Communicate early and often, sharing areas about where the organization plans to make changes based on employee feedback. Customizing different internal marketing efforts matters. Part of this process may mean tailoring the value of employee experience improvements to various employees, from frontline to C-suite. Personalize messages for all audiences with intention and resources — everyone needs to see the “what’s in it for me.” 

For example, suppose one of your key areas is collaboration and you’re unsure how to act on it. In this case, you could create internal buzz by starting an internal marketing and crowdsourcing campaign that invites employees to use photos or personal stories to understand how they define positive collaboration. With the right message and champions inside an organization, what otherwise could be perceived as a compliance effort has the potential to become a joyful experience that goes viral across an organization. The best change is change that doesn’t feel like a change. It feels natural, like part of the culture. 


Historically, the FEVS tool was designed as an “organizational climate survey.” It’s a sturdy foundation, but it only happens once a year. Leaders must listen to their employees more often than that. It’s essential to listen and take the temperature of ongoing changes in your organization more regularly outside of conducting the FEVS on an annual basis. 

Use the elevated priority areas you’ve identified to guide your ongoing focus and to seek more continuous and real-time input from employees. Asking employees what they need and holding leaders accountable for making those changes is simple and can be highly impactful. This is the baseline for fostering trust in organizations. 

As you make ongoing improvements, ask employees questions: What’s working? What can be improved?

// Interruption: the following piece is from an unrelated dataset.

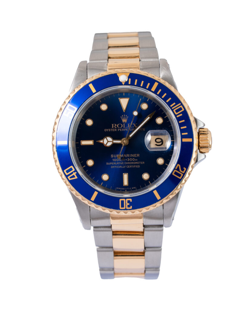 brand: Rolex Reference: 116613 Model: Submariner case MATERIAL: Steel & Yellow Gold strap: Bracelet case Size (MM): 40mm Dial colour: Blue Bezel: Steel Year: 11/1991 Condition: Excellent Box papers : Box

In addition, capture digital feedback, from right where employees are engaging, such as with their organization’s intranet, help desk, or other platforms. Questions can be both multiple choice and open-ended to solicit unstructured feedback that will provide a deeper understanding of employee needs. 

Final Thoughts

Government workers build and maintain outstanding public agencies. 

If employees are under increasing pressure to work in new ways to craft better public customer experiences, it’s critical to understand exactly what your employees need to make this happen. Listen and take action to show you care. Frequently take the temperature of what’s happening within your agency. Use the BEST model to improve your employees’ work experiences and deliver the best experiences for the American people. 

Nina Bianchi focuses on transformative culture experiences. She served as Chief of People and Culture at the Food and Drug Administration (FDA) and with the General Services Administration’s (GSA) IT Modernization Centers of Excellence (COE). As a White House Presidential Innovation Fellow (PIF) with the Biden Cancer Moonshot at the National Cancer Institute (NCI), she led collaborative work experiences to drive personalized patient experiences. Before serving in government, Nina led a social innovation consulting firm with a network of high-impact public-private partnerships. Her teams designed transformation solutions for city governments across the globe, philanthropy, nonprofits, Fortune 500 companies and institutions like the Massachusetts Institute of Technology (MIT).